▶ [WORK REQUEST]
For this task, copy all of the data below exactly and skip the pictures.

▶ [EXERCISE DATA]

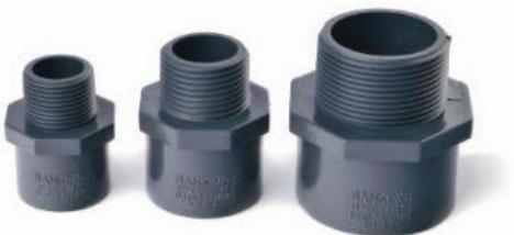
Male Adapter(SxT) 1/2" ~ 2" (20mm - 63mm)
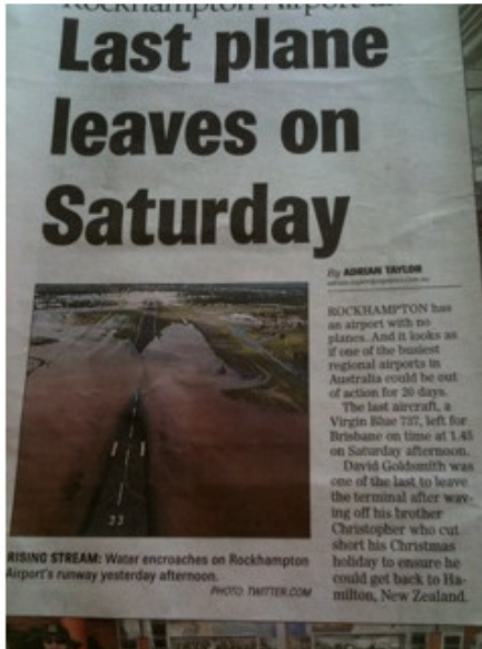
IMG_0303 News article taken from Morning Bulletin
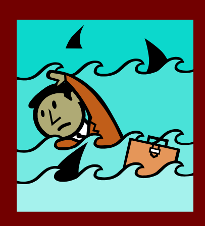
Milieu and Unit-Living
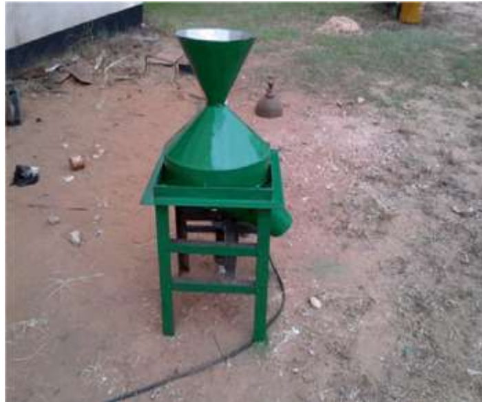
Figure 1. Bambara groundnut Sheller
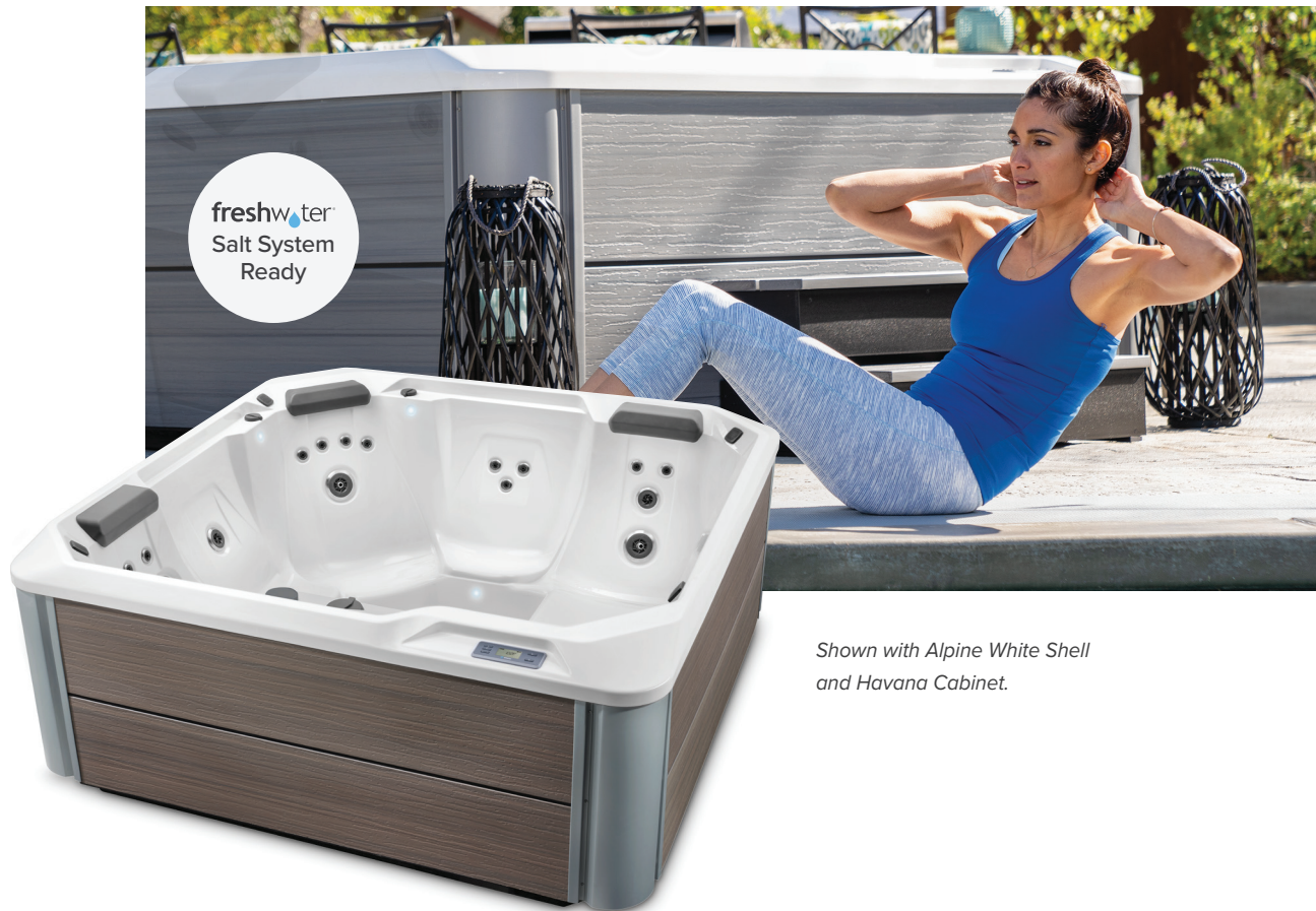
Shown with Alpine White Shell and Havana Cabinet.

▶ [EXPECTED ANSWER]
Male Adapter(SxT) 1/2" ~ 2" (20mm - 63mm)
IMG_0303 News article taken from Morning Bulletin
Milieu and Unit-Living
Figure 1. Bambara groundnut Sheller
Shown with Alpine White Shell and Havana Cabinet.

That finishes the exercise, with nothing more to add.